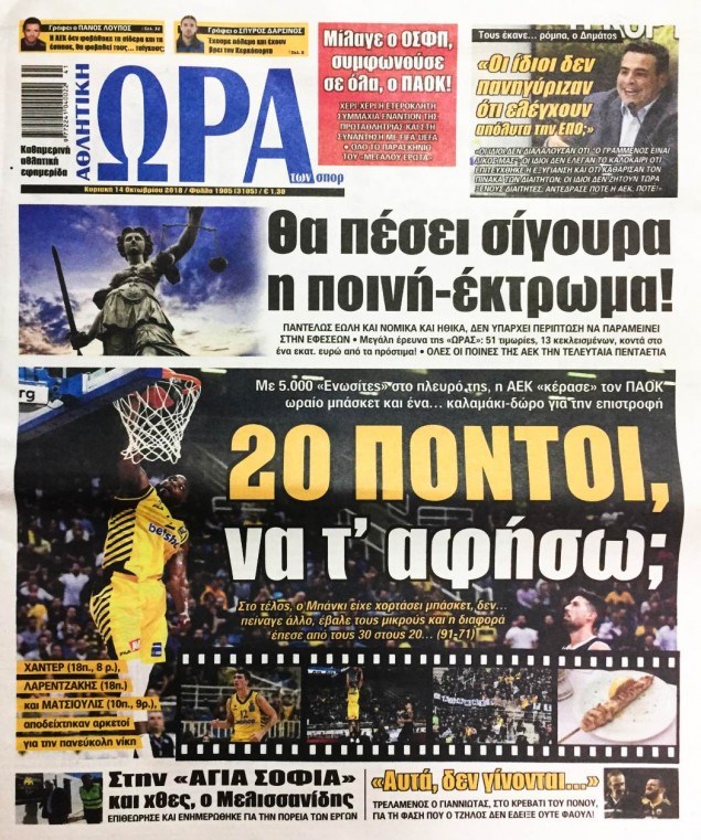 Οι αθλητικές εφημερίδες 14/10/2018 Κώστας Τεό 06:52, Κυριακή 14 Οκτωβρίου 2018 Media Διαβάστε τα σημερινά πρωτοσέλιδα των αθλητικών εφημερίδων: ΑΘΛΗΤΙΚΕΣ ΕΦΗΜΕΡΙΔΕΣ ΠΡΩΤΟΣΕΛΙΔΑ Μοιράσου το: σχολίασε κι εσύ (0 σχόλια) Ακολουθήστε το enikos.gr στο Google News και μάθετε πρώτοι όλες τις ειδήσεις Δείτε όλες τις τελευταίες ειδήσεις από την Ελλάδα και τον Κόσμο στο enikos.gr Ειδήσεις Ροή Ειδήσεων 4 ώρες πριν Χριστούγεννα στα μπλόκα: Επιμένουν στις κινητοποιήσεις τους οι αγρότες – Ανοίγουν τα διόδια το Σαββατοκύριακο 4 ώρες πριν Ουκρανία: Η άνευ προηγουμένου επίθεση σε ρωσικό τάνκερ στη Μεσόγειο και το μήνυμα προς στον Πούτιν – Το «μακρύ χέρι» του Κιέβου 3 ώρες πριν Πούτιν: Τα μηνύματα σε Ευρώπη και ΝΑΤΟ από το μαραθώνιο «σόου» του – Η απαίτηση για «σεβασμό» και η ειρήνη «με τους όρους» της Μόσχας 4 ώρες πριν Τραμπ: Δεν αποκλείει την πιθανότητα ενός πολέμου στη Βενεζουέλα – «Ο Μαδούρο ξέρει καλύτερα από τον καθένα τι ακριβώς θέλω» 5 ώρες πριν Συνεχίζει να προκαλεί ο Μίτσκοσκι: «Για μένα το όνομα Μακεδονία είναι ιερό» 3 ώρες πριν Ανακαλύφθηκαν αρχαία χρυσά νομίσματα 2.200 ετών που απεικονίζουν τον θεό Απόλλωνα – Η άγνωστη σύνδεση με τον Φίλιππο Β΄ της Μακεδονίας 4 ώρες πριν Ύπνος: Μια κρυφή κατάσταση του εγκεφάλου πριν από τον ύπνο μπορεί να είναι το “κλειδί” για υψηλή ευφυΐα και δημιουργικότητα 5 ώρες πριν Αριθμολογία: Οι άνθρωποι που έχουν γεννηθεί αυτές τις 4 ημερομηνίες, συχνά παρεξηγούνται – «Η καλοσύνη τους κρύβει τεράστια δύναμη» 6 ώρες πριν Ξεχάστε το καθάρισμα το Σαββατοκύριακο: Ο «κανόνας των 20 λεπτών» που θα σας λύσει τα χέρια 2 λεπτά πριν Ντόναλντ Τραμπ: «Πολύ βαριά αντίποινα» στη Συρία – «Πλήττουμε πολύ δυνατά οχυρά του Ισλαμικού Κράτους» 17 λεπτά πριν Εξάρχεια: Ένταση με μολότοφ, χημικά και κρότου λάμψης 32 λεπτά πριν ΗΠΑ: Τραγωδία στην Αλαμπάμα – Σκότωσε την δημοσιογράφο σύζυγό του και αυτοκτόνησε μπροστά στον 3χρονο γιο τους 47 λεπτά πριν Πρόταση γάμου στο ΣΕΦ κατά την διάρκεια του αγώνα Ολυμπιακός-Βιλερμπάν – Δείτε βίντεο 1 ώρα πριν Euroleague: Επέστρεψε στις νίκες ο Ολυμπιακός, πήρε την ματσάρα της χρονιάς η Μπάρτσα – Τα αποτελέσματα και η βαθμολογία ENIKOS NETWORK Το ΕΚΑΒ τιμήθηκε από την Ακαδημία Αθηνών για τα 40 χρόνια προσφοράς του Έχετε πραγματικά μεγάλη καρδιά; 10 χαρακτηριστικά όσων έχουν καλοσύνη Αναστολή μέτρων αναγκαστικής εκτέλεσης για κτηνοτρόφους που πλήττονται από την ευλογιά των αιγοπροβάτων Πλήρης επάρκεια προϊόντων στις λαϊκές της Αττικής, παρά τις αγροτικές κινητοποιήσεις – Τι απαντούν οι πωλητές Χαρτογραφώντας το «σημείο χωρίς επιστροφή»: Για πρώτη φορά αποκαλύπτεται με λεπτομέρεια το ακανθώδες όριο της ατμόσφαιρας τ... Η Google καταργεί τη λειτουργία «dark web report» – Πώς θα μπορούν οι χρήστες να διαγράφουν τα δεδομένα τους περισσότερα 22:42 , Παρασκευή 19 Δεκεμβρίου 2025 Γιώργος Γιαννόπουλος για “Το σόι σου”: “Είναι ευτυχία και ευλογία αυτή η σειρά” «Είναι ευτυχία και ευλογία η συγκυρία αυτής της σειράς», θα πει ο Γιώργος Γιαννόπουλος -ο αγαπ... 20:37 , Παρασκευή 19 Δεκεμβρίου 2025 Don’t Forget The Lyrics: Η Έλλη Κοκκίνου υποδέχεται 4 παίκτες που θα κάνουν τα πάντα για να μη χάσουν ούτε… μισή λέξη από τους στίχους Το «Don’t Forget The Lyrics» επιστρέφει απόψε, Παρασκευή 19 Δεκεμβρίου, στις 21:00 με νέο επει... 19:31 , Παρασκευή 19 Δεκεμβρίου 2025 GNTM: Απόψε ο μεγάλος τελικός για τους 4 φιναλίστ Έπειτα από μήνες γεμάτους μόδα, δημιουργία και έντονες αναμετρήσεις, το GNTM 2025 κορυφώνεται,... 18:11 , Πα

▬▬▬▬▬▬▬▬▬▬

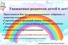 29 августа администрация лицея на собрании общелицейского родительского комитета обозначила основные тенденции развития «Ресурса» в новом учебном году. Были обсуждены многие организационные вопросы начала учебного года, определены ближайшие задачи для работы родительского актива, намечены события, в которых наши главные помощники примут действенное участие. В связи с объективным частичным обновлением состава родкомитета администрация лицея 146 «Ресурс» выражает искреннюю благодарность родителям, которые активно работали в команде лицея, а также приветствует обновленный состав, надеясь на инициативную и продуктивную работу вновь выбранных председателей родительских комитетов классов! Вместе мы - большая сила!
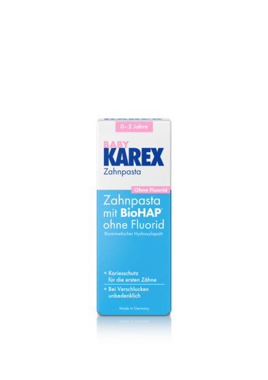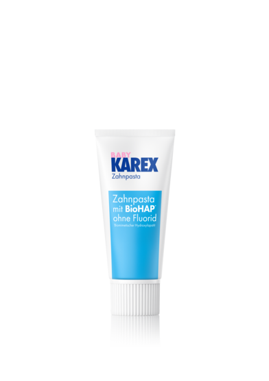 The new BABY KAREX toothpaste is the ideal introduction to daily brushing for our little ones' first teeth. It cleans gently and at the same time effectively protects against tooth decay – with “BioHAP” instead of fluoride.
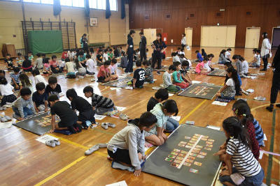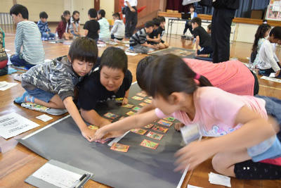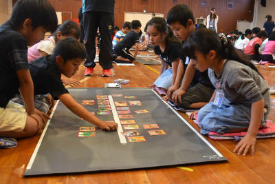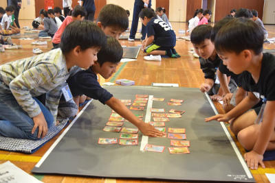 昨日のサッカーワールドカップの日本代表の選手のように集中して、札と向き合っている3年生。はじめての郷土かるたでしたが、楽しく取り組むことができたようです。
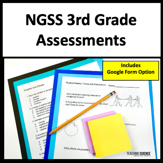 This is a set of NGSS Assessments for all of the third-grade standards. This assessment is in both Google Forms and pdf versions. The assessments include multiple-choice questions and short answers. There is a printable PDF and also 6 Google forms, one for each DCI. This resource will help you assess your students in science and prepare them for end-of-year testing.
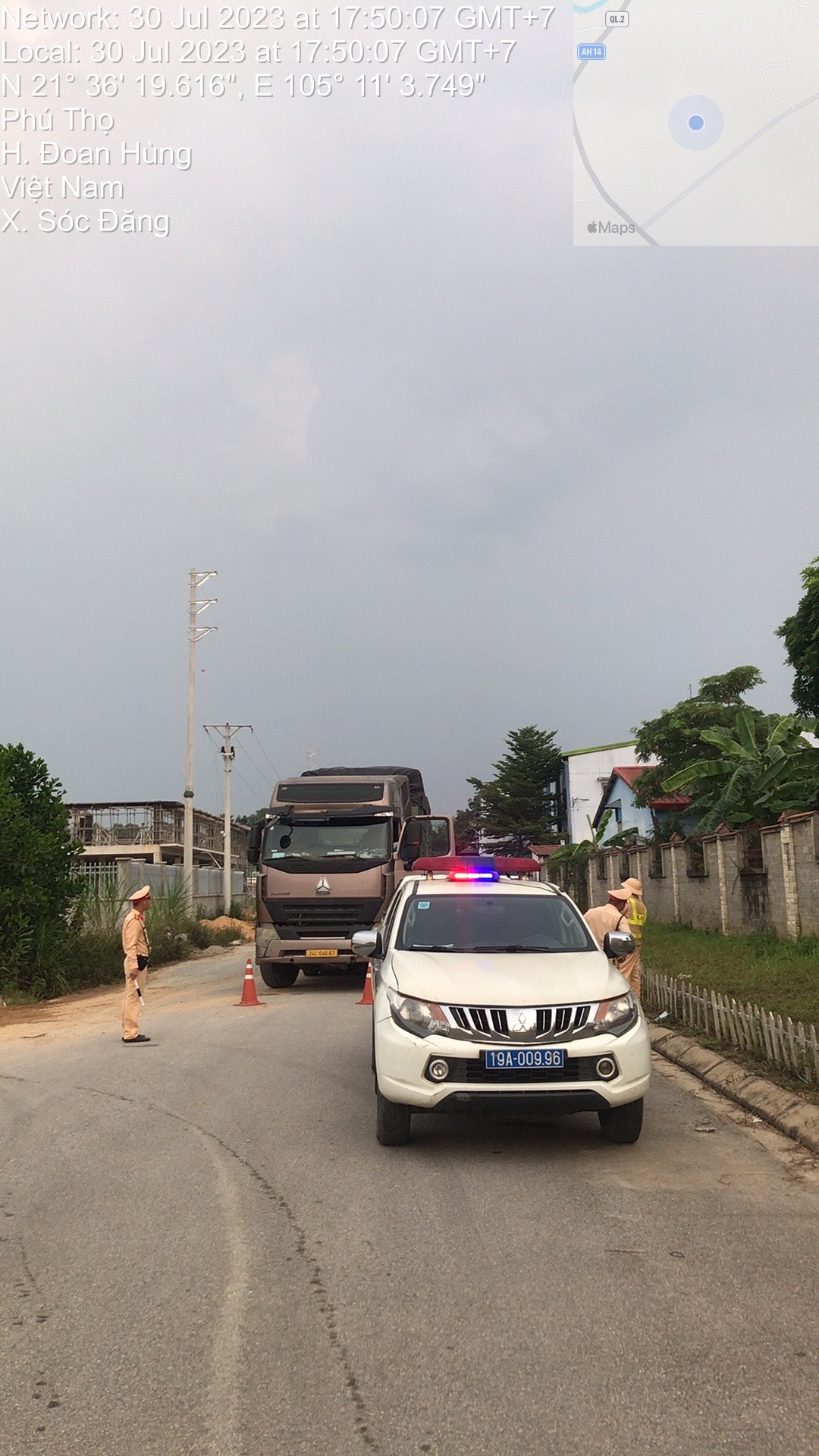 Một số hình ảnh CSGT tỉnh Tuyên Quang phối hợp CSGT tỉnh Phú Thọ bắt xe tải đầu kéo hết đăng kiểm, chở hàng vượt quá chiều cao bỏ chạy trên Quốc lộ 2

▬▬▬▬▬▬▬▬▬▬

#### Required action:
Above is the material; set down exactly its lines from the one containing "29 августа администрация" down to the one containing "昨日のサッカーワールドカップ", both included, leaving out any pictures.

#### Response to the exercise:
 29 августа администрация лицея на собрании общелицейского родительского комитета обозначила основные тенденции развития «Ресурса» в новом учебном году. Были обсуждены многие организационные вопросы начала учебного года, определены ближайшие задачи для работы родительского актива, намечены события, в которых наши главные помощники примут действенное участие. В связи с объективным частичным обновлением состава родкомитета администрация лицея 146 «Ресурс» выражает искреннюю благодарность родителям, которые активно работали в команде лицея, а также приветствует обновленный состав, надеясь на инициативную и продуктивную работу вновь выбранных председателей родительских комитетов классов! Вместе мы - большая сила!
 The new BABY KAREX toothpaste is the ideal introduction to daily brushing for our little ones' first teeth. It cleans gently and at the same time effectively protects against tooth decay – with “BioHAP” instead of fluoride.
 昨日のサッカーワールドカップの日本代表の選手のように集中して、札と向き合っている3年生。はじめての郷土かるたでしたが、楽しく取り組むことができたようです。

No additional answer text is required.